“Ils font Nice” : chaque semaine, nos figures locales mises en vedette dans Nice-Presse.
Depuis 100 ans, la maison Quirino régale les papilles des plus gourmands, avec des pâtes fraîches et artisanales. Mais pas seulement ! Paul-Louis Quirino, le co-gérant, nous explique tout.
Racontez-nous vos débuts ?
Mon grand-père et son frère ont monté la maison Quirino en 1925 au 10 rue Bavastro. Mon grand-oncle était charcutier donc il avait déjà un pied dans la nourriture. Ils se sont lancés tous les deux dans la fabrication de pâtes fraîches. Leurs femmes tenaient la boutique. Par la suite, mon père a repris cette fabrique avec son cousin.

Pour ma part, je n’ai pas du tout grandi là-dedans. Mes parents m’ont toujours éloigné de ce milieu car c’est un métier compliqué. À 18 ans, je suis parti à la faculté mais dès les premiers six mois, je me suis ennuyé… J’ai alors dit à mon père « je fais un essai avec toi, juste pour voir ». Et ça m’a tout de suite plu ! J’ai donc rejoint l’aventure à mon tour. Aujourd’hui, je suis le co-gérant de l’établissement, avec lui.

Vous avez multiplié les points de vente…
Au début, dans la première structure - et fabrique - au port de Nice, ils proposaient uniquement des pâtes. Le week-end, ils réalisaient aussi des plats du jour, mais tous plus ou moins identiques. Petit à petit, la gamme traiteur a pris plus de place.

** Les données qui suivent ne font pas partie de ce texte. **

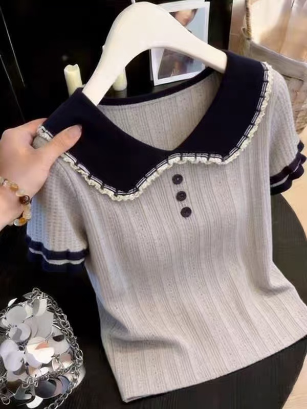 2026 여름 새로운 여성 레이스 베이비 칼라 반팔 회색 니트 티셔츠 부드러운 바람 달콤함 다용도 맨위
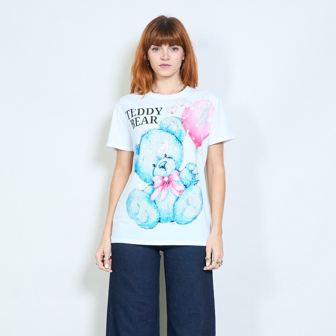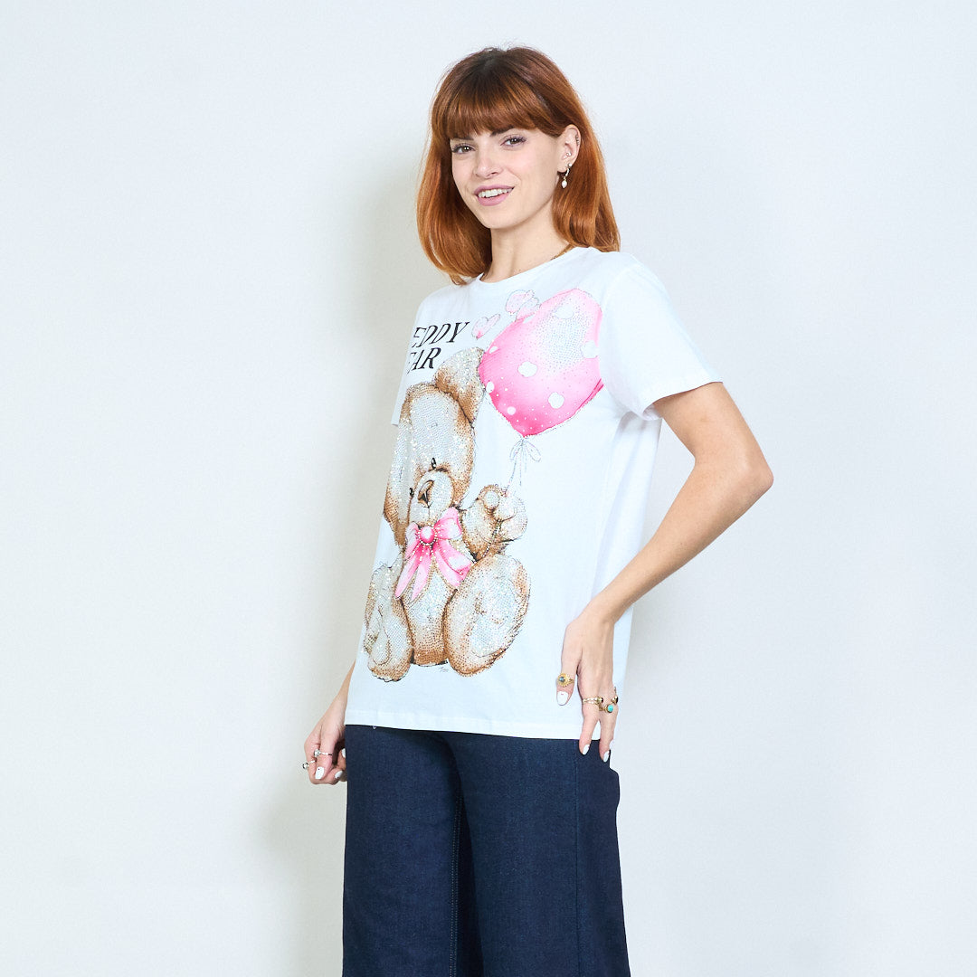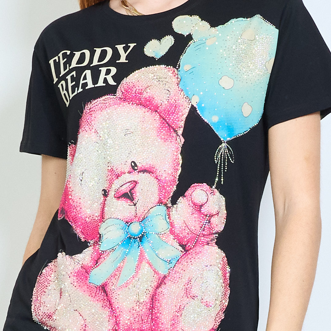 Animalia modifica la maglietta a maniche corte stampata con grafica "Teddy Bear" con strass all'ingrosso

Une deuxième boutique a été ouverte rue de France, avant d’être vendue pour en racheter une à Carras dans les années 1980-85. Quand j’ai commencé à travailler, on a ouvert en plus celle sur le boulevard Joseph Garnier, et enfin, un stand sur le marché du Cours Saleya.


Aujourd’hui, on compte donc quatre points de vente : on y retrouve les mêmes choses. Cappelletti, tagliatelles, panisses ou ravioli… Il y a différents types de pâtes fraîches fabriquées, à l’ancienne, avec des machines que mon grand-père utilisait déjà.
Côté traiteur, il y a du choix : lasagnes, cannelloni, salades d’artichauts, gnocchi à la romaine, des gratins… On a étoffé la carte. Tous les vendredis et samedis, on propose de nouveaux plats. Par exemple, ce vendredi 31 janvier, on aura un cabillaud sur son riz avec de la sauce safranée.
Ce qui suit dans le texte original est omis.